# This is just too creepy



## jenni belle (Mar 10, 2005)

I've only been able to stump this thing once. It's too weird! I even did Eddie the dog from Frasier and it guessed it!!!!

Guess the TV Character


----------



## pete (Oct 7, 2001)

I started simple with Gilligan, then moved to Woody from Cheers and Bob Newart. It got them all right, though I almost stumped it with Woody.


----------



## kerryclan (Mar 13, 2005)

I was "Boy" the dog from Green Acres. I stumped them and added it to their database. It's a fun game.


----------



## jock (Dec 4, 2001)

I was Mrs Slocombe from "Are You being Served" and it got me.

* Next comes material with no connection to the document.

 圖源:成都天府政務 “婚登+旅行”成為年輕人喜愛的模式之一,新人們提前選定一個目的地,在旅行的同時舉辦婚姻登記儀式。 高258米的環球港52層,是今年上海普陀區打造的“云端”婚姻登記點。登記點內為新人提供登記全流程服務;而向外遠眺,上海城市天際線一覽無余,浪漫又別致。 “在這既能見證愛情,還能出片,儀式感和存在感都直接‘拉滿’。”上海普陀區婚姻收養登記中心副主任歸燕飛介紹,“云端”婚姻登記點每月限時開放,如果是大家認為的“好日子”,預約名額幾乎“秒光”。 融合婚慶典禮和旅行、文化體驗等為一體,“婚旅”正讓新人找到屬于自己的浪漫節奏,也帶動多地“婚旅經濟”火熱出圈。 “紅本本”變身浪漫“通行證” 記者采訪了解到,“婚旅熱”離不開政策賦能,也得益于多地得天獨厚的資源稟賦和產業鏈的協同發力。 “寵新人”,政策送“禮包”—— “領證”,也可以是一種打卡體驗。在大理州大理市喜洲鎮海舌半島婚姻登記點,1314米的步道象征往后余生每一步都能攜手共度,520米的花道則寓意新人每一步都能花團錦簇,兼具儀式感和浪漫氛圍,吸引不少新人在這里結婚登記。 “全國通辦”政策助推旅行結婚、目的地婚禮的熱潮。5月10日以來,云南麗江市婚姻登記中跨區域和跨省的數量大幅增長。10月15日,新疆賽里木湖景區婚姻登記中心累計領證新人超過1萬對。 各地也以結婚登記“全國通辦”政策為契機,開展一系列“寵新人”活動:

It said it knew allalong who I was but it was just stringing me along. I don't believe that!

Good game though, Thanks

Jock


----------



## chef john (Mar 3, 2005)

I was Fish (Abe Vigoda) from Barney Miller and it got me in eleven questions.


----------



## markv (May 16, 2003)

Holy Unveiling Batman!

It took them 30 questions but it guessed I was Farrah Fawcett from Charlie's Angels!

Mark


----------



## chrose (Nov 20, 2000)

Got it first try!  Chubsy ubsy from the little rascals!
Ahh a little too confident in myself, he got me with Ted Knight from the Mary Tyler Moore show! Impressive!


----------



## jenni belle (Mar 10, 2005)

Well, I was only #3 to do Alice Kramden from the Honeymoons!!! I can't believe it!

I did stump it with Captain Bridger from seaQuest and the Chief from Get Smart!

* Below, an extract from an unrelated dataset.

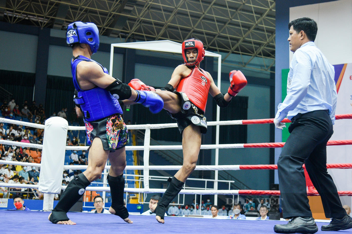 Võ sỹ Nguyễn Trần Duy Nhất tung ra những đòn sở trường đá vòng cầu, đánh cận chiến để ghi điểm.

It did guess Agent 99 from Get Smart and Zach from Saved by the Bell, but it took it a long time!


----------



## chrose (Nov 20, 2000)

This is a true time waster at work! We are going at it tooth and nail!
So far I am about 5 for 12 or so.
This is a lot of fun!


----------



## hipjoint (Jan 29, 2005)

i was able to stump it with ralph wiggam from the simpsons,
attila the hun, and tamerlain. 

it guessed betty rubble, agent 86, stephanie from full house,
mr. french, and my mother the car!!

interesting game!!


----------



## phoebe (Jul 3, 2002)

This is a little dangerous if you have other work (did I say "other" work?  ) to do.
I stumped it with Stephanie from _Newhart_ .


----------